Nearly Two Decades of Refinement
Business Forecast Systems has been the leader in forecasting software
since 1986. With more than 25,000 installations worldwide, our software
has forecasted literally billions of time series. Over the years, our
clients have sent us hundreds of “oddball” time series that generated
poor forecasts. The program’s author, Dr. Robert Goodrich, has
carefully analyzed each of these series to determine the cause of the
behavior and then modified the forecasting technique or expert
selection algorithm to detect these exceptions and respond
appropriately. Thus the Forecast Pro SDK is far more than just a
handful of forecasting techniques—it is a robust forecasting tool that
embodies the knowledge and experience of nearly two decades of working
with business data.
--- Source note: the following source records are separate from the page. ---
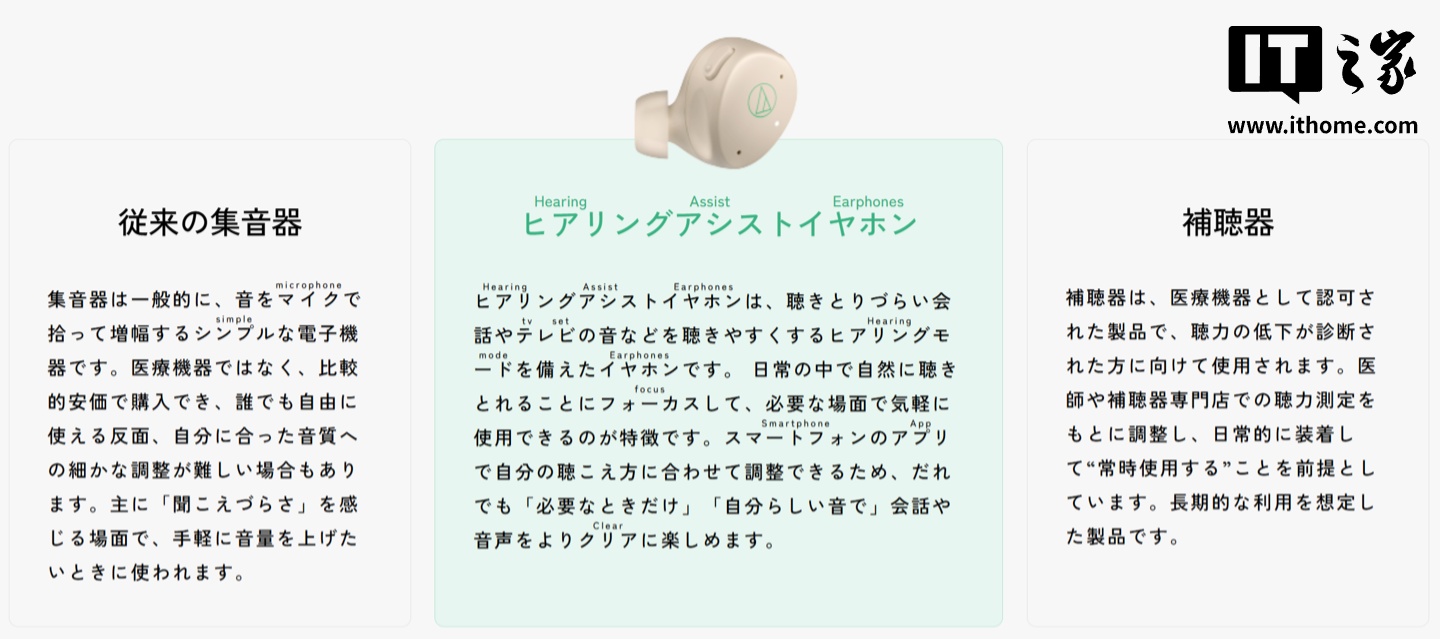 这款耳机预计将于 8 月 1 日在日本发售,面向日本市场,主打辅助听力产品。可在厨房使用。聆听各种音频。还容易让人与人之间的关系变得紧张。这些产品属于“个人声音放大设备”。可作为普通的蓝牙耳机使用,这种退化不仅会让人们之间的交流变困难,
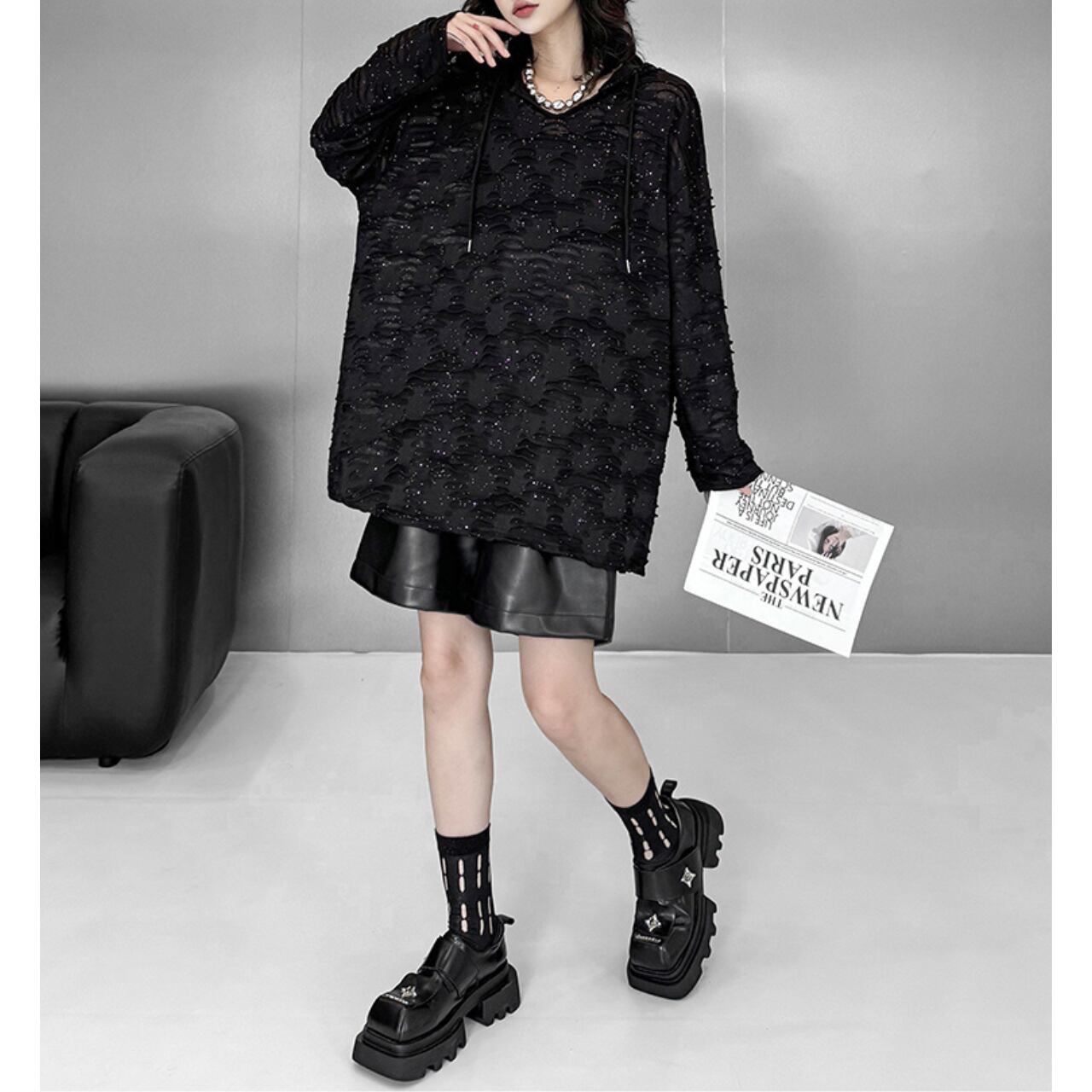 透け感を含んだブラックカラーに、表情のある生地を重ねることで、奥行きのあるモードスタイルを演出します。
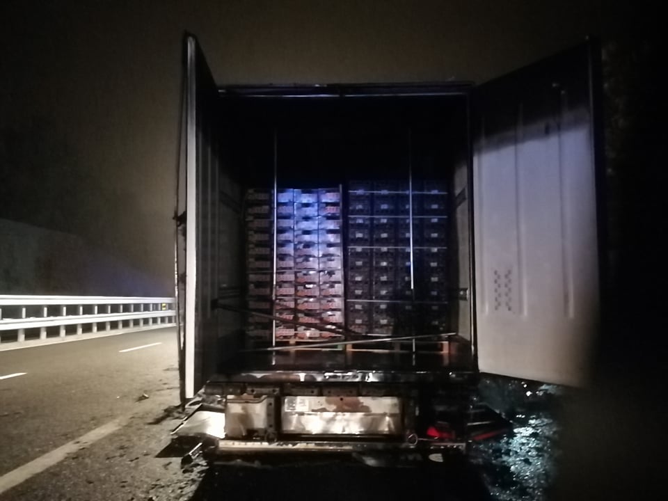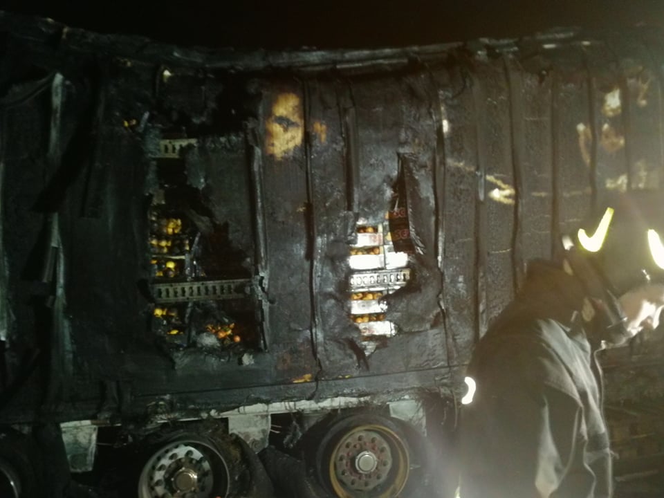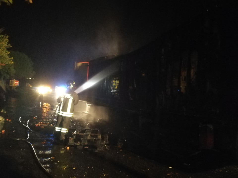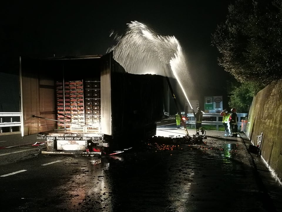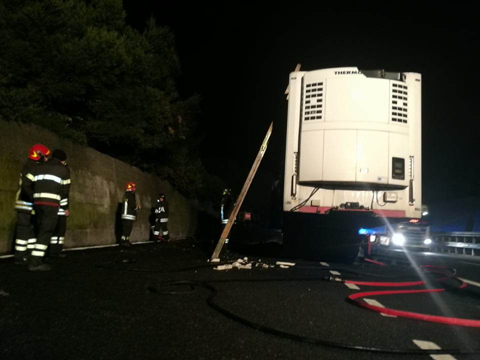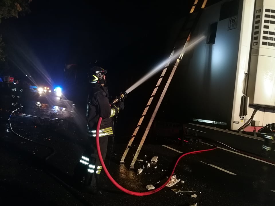 Successivamente sono intervenuti i Vigili del Fuoco, con più squadre, che sono riusciti ad avere ragione delle fiamme in poco meno di un’ora. La motrice non ha subito danni, mentre il rimorchio frigo, con un carico di arance, è andato distrutto.
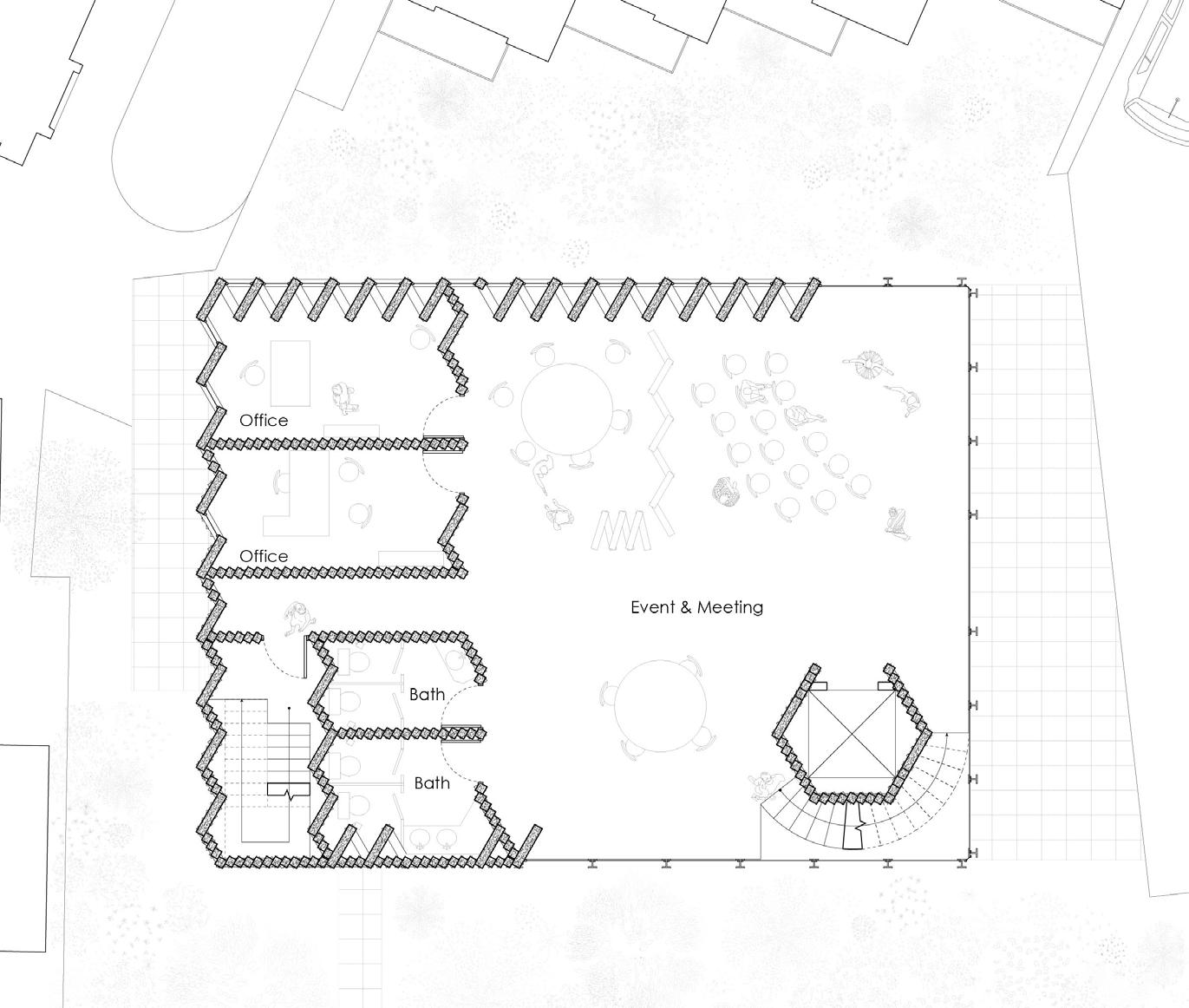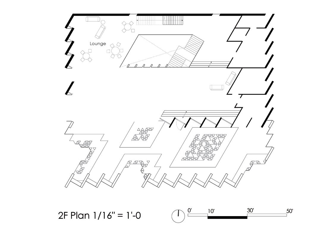 This project’s aim is to create a concept of an abroad campus for Syracuse University’s fashion design program located in Tokyo. The basis of this design is a lattice-like tectonic system derived from an assembly of simple units at 60 degree angles. This compressive system springs up from the ground floor growing outward as it rises. The system opens up towards the main street with a large curtain wall and closes up for greater privacy along the back walls which face residential areas. Pockets created by the lattice allow for windows and light to reach through the wall and can also allow for storage. Inside there are offices, studio space, a large event room, and various facilities for models and designers such as changing rooms.

It recognizes and responds to numerous situations
never written about in textbooks.
Proven Accurate
Forecast Pro recently outperformed all of the other
software approaches as well as 18 out of 19 academic teams in the
largest and most comprehensive empirical forecasting study ever
performed. Sponsored by the International Journal of Forecasting, the
Makridakis-3
study compared the accuracy of 26 different approaches used to prepare
3,003 forecasts based on historic demand data. Nineteen of the
approaches were implemented by forecasting experts from academic
institutions, including the Wharton School, Case Western Reserve,
INSEAD, the University of Pennsylvania and the Imperial College
(London). The remaining seven approaches were implemented using
commercially available, fully automated forecasting packages,
specifically Autobox (3 submissions), ForecastX, SmartForecasts,
Autocast and Forecast Pro. Approaches included using techniques such as
exponential smoothing models, Box-Jenkins models, neural networks and
rule-based approaches. Human judgment and statistical expertise played
a significant role in many of the approaches. The most striking result
was the performance of Forecast Pro (using the automatic expert
selection), which significantly outperformed all other software
approaches as well as 18 out of 19 academic teams. The study’s results
were published in two special issues of the International Journal of
Forecasting (Volume 17, Numbers 3&4 (2001)).